Your copy should begin with the line containing "into a ser...", end with the line containing "This Fragmented Face", match the listing below exactly, and contain no pictures.
─── DATASET RECORDS
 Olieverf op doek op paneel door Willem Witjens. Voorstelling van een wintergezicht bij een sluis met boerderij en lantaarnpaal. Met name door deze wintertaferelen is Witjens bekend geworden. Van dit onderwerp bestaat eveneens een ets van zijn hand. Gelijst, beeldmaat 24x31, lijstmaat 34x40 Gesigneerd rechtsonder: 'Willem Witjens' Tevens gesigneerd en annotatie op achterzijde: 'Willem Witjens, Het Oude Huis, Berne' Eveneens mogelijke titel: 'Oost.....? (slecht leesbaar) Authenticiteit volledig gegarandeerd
──────
─── DATASET RECORDS
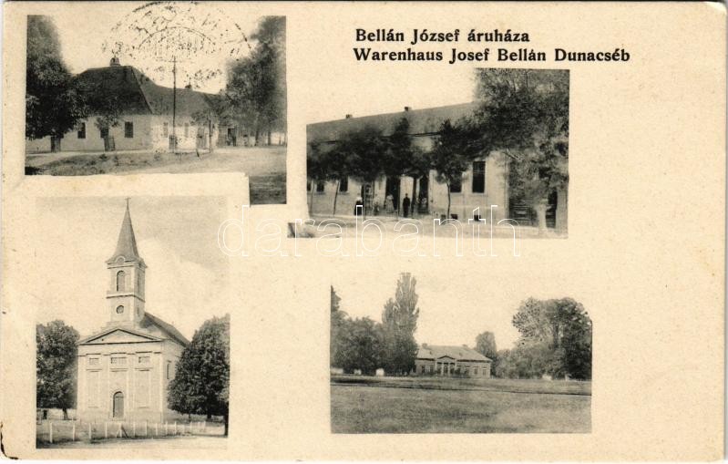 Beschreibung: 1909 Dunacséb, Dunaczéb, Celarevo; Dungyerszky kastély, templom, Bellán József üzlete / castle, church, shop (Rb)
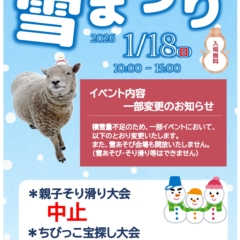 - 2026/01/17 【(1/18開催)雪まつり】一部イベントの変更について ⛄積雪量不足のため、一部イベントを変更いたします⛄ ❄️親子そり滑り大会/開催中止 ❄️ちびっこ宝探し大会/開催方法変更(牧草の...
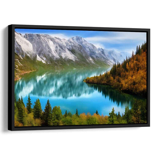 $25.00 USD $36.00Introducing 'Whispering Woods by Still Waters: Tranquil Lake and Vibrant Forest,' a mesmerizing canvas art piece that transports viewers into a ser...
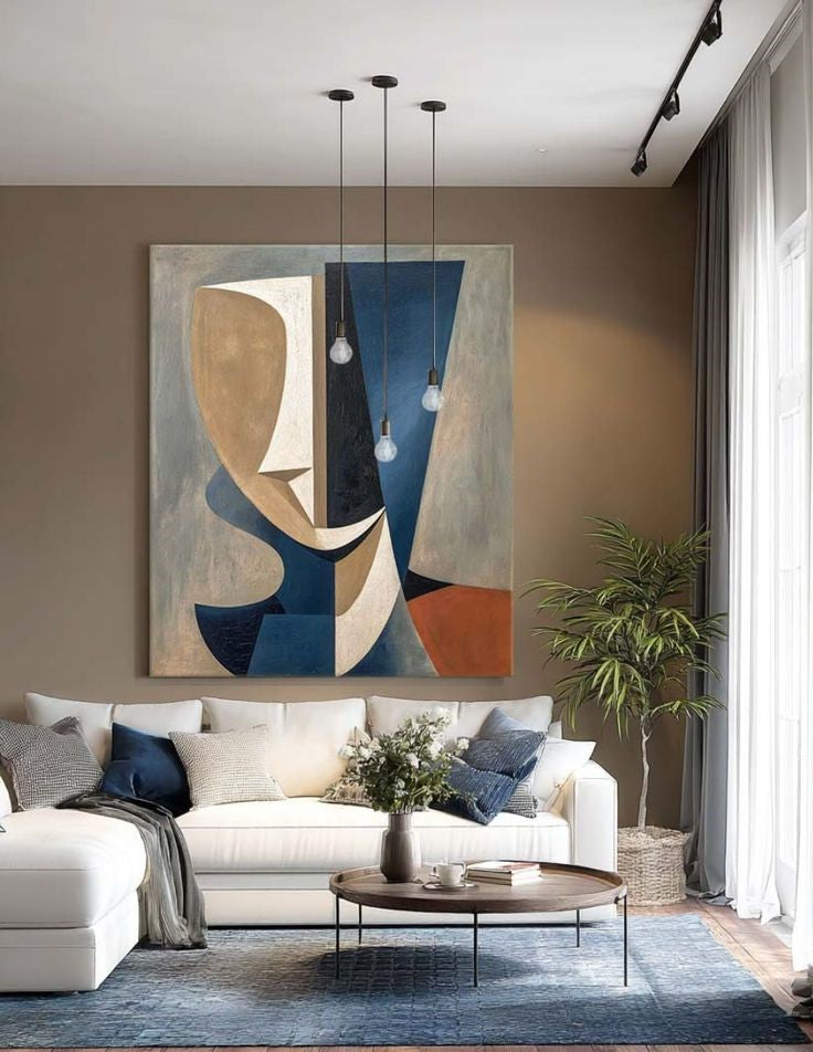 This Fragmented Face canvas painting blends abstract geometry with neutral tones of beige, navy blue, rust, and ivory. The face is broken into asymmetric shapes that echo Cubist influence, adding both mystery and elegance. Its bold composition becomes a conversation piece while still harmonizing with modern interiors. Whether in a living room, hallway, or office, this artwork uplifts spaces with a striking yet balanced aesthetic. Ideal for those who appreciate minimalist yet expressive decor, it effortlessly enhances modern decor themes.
──────
> _EXERCISE OUTPUT_:
 $25.00 USD $36.00Introducing 'Whispering Woods by Still Waters: Tranquil Lake and Vibrant Forest,' a mesmerizing canvas art piece that transports viewers into a ser...
 This Fragmented Face canvas painting blends abstract geometry with neutral tones of beige, navy blue, rust, and ivory. The face is broken into asymmetric shapes that echo Cubist influence, adding both mystery and elegance. Its bold composition becomes a conversation piece while still harmonizing with modern interiors. Whether in a living room, hallway, or office, this artwork uplifts spaces with a striking yet balanced aesthetic. Ideal for those who appreciate minimalist yet expressive decor, it effortlessly enhances modern decor themes.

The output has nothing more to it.